LinkedIn’s public-benefits package includes a pedestrian-bike bridge over Highway 101, other transportation upgrades and even a remodel of the city public library.
“Shoreline Commons is not only about creating a new destination but also about creating new connections,” LinkedIn said in its proposal to the city. “With its pedestrian-bicycle access from the south, including a new bike-pedestrian bridge over Highway 101, broad sidewalks and ‘human scaled’ streetscapes, it will provide Mountain View residents and visitors a remarkable new link to the rich and complex habitats of the San Francisco Bay.”
Google and LinkedIn did not immediately respond to a request for further comment.
Other applicants say their plans are significant, as well.
Silicon Valley real estate icon The Sobrato Organization, for instance, is offering community benefits and transportation elements worth $24 million for a 703,148-square-foot high-tech office and research-and-development campus.
The public benefits from Mountain View-based Rees Properties, which is looking to build a 190,876-square-foot office building, are valued at $8.9 million and include habitat restoration, toxic remediation and public-access improvements.

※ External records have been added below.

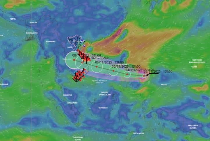 Theo Trung tâm Dự báo Khí tượng Thủy văn Quốc gia, hồi 13h ngày 3/11, vị trí tâm bão ở vào khoảng 10,4 độ Vĩ Bắc; 127,9 độ Kinh Đông, trên vùng biển phía Đông miền Trung Philippines. Sức gió mạnh nhất vùng gần tâm bão mạnh cấp 12 (118-133km/giờ), giật cấp 15. Di chuyển theo hướng Tây Tây Nam với tốc độ nhanh khoảng 25km/h.
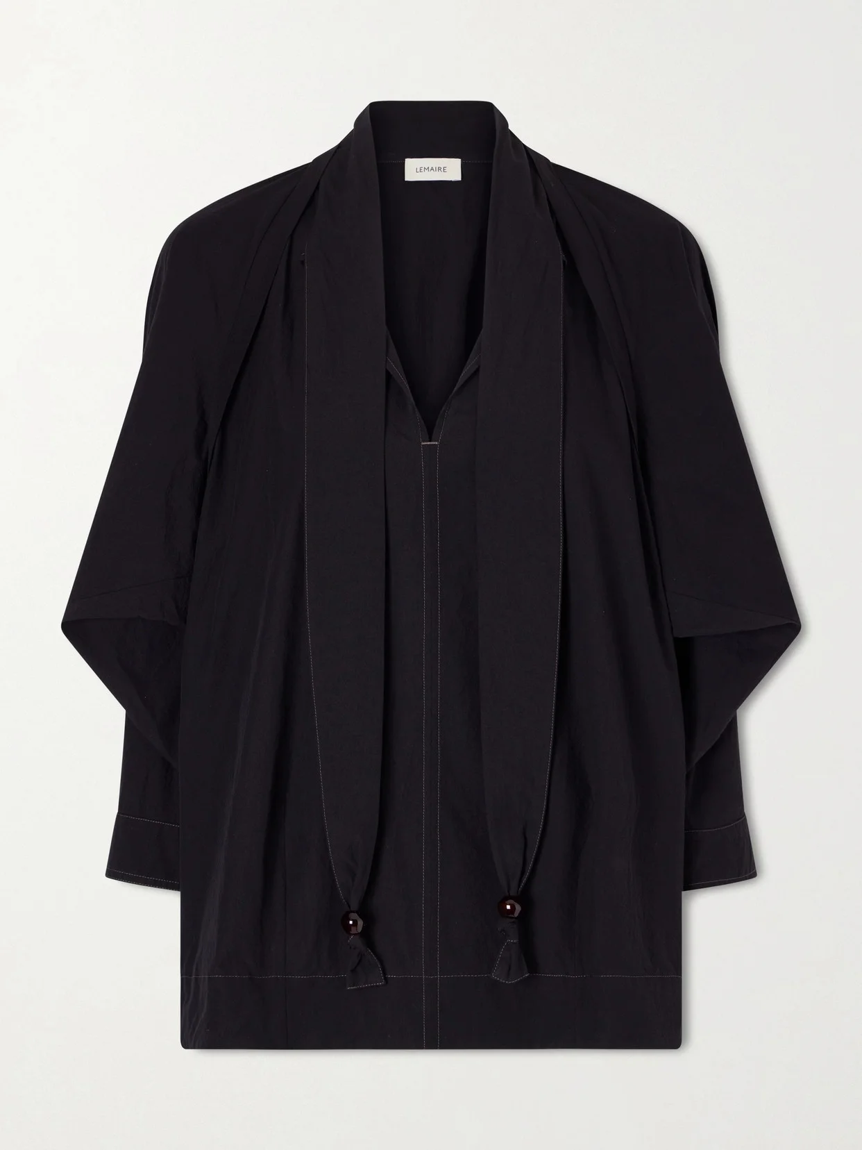 The bead-embellished scarf ties lend an effortless charm to Lemaire's blouse. Made from crinkled cotton-crepe, it's detailed with contrast topstitching and has a boxy, loose shape with three-quarter raglan sleeves. Tuck yours into high-waisted jeans or pants. Lower-Impact Materials. This product is made using at least 50% lower-impact materials or ingredients. Find out more about our NET SUSTAIN criteria here.
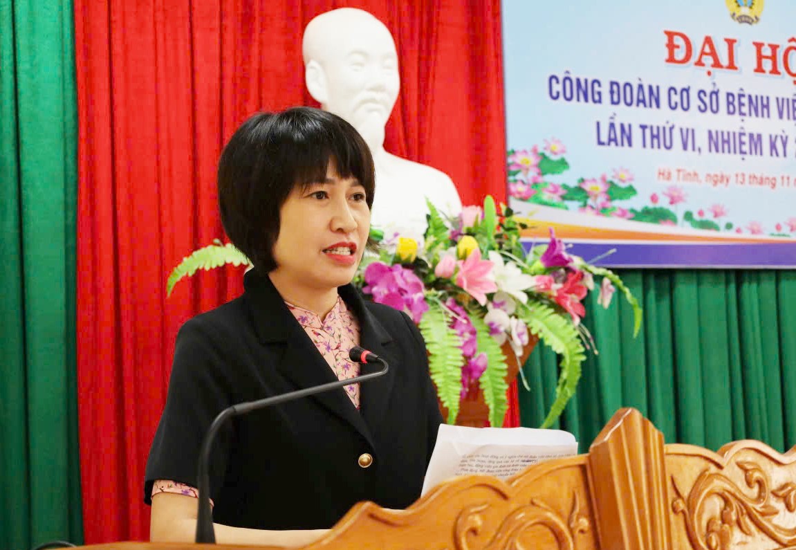 Phát biểu chỉ đạo, đồng chí Phan Thị Mai Hoa -Phó trưởng ban công đoàn khu kinh tế ghi nhận, biểu dương thành tích đạt được của Công đoàn cơ sở Bệnh viện Phổi Hà Tĩnh trong nhiệm kỳ qua, đặc biệt tổ chức tham quan học tập, khám sức khỏe định kỳ cho CBCNVC… đã thể hiện sự cố gắng của Ban chấp hành công đoàn trong việc vận động phối hợp ban chuyên môn. Đồng chí đề nghị trong nhiệm kỳ tới, Công đoàn tiếp tục phát huy vai trò đại diện, chăm lo, bảo vệ quyền, lợi ích hợp pháp của đoàn viên; tăng số lượng kết nạp Đảng viên; đoàn viên; phát huy hiệu quả hội nghị dân chủ đầu năm nhằm nâng cao thu nhập; kịp thời khen thưởng, biểu dương gương điển hình; gắn phong trào thi đua với nhiệm vụ chuyên môn, góp phần xây dựng tập thể bệnh viện đoàn kết, phát triển.
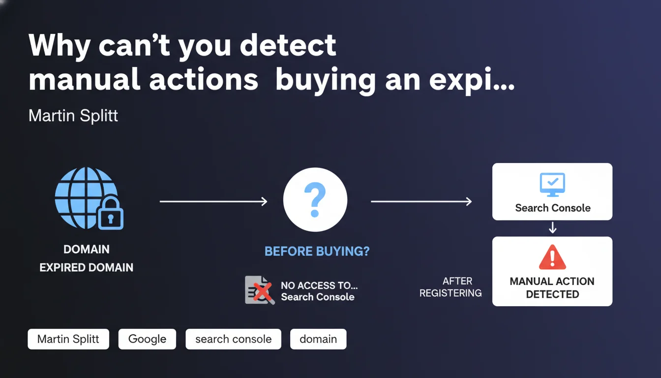 Google could technically expose this data — after all, manual actions are documented in its systems. But the company chooses not to, probably to prevent this information from becoming a market signal in domain trading. Result: you buy at your own risk.
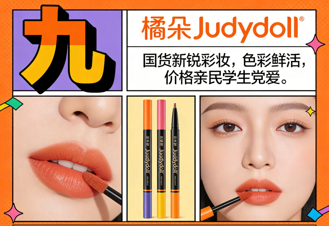 九、橘朵Judydoll国货新锐彩妆,色彩鲜活,价格亲民学生党爱。
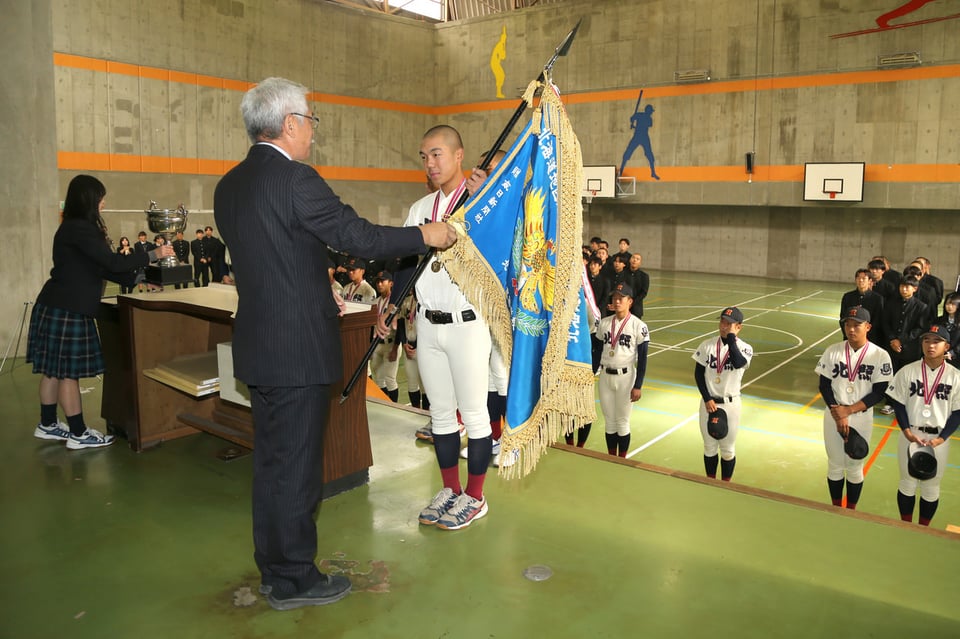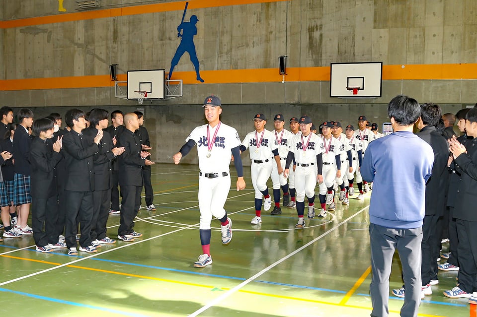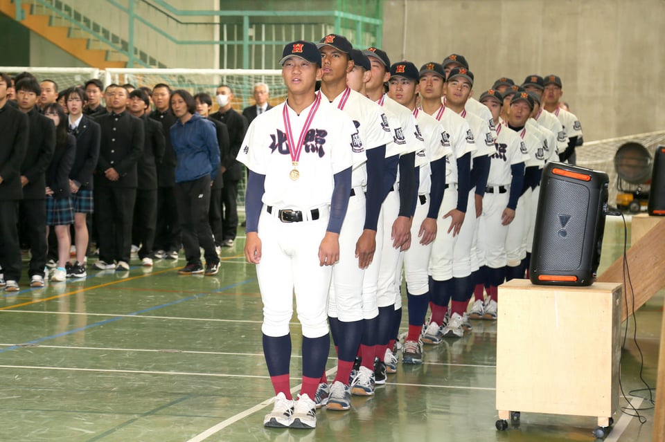 第78回秋季北海道高等学校野球大会で13年ぶり6度目の優勝を飾った野球部の大会報告会が10月21日、北照高体育館で行われました。全校生徒が拍手で出迎える中をナインは堂々と行進。手代森輝斗主将(2年)は「この秋季大会には、多くの先輩方の悔しい思いを胸に、リベンジを果たそうと強く思って臨みました。力のない私たちが優勝できたのは、札幌ドーム(大和ハウスプレミストドーム)に駆けつけてくれた先生方や、全校生徒の皆さん、悔しい思いをしたOBの方々や保護者の皆さまの応援のおかげだと思っています。本当にありがとうございました」と、感謝の気持ちを込めて挨拶しました。大会4試合34イニングを投げ抜いたエース右腕・島田爽介投手(2年)ですが「(肩の状態は)もうなんともないです。今日も1試合ぐらい投げられる状態」と笑顔で話してくれました。
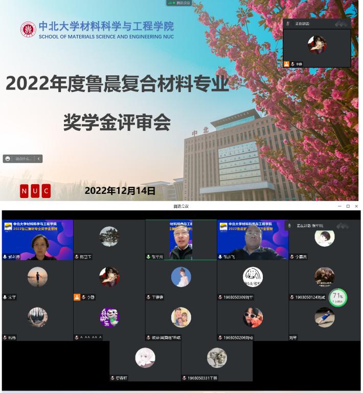 根据《鲁晨复合材料专业奖学金评选管理办法》文件精神,学院于2022年12月14日19时在腾讯会议进行了2022年度鲁晨复合材料专业奖学金评审会。参加本次评审工作的评委有:材料科学与工程学院院党委副书记郭云霞,成都鲁晨新材料科技有限公司技术总监张华川,复合材料与工程专业老师张彦飞、陈慧玉、宋平,学院辅导员老师贾越、韩伟、张维叶、褚嫱、刘琴、李静。
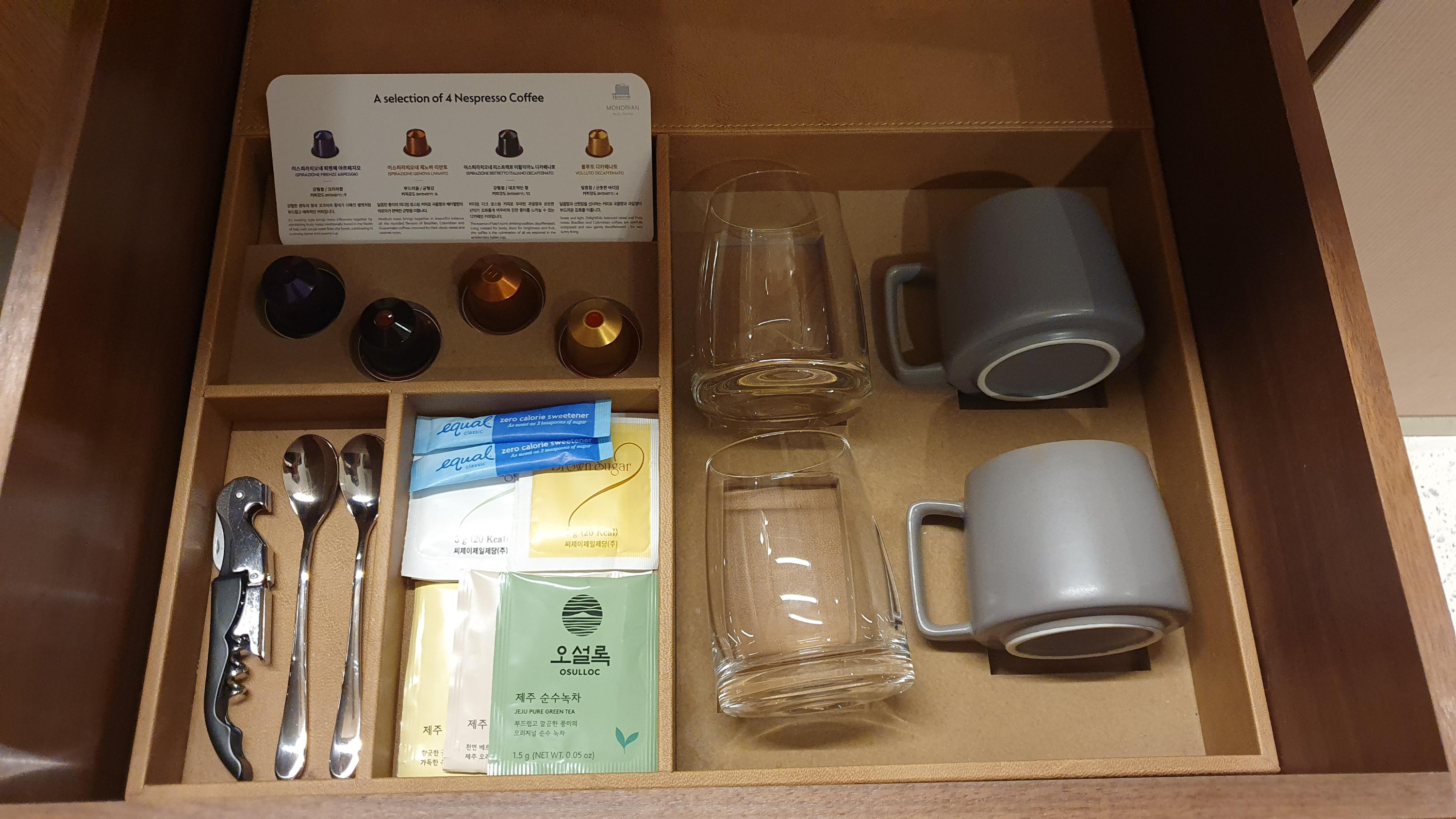 와인잔, 커피포트, 네스프레소, 캡슐도 준비되어있었고

“ … our submittal is powerful in its own right,” Rees Properties President Tom Rees said in an email.
But Louise Mozingo, professor and chair of the Department of Landscape Architecture & Environmental Planning at University of California, Berkeley, described what’s happening in North Bayshore as going beyond companies competing for development rights.
“Everyone is going to lose—the companies, public jurisdictions and environmental advocates—if they do not sit down and develop a coordinated water and energy efficient plan for densification, land use diversification and public transportation across the Silicon Valley from San Francisco to San Jose and beyond,” Mozingo said in an email.
“This is a dead-serious regional metropolitan planning issue that, if not addressed, will not be able to cope with expected population and job growth and a post-peak water and oil future,” she said. “And the post-peak water future is already here.”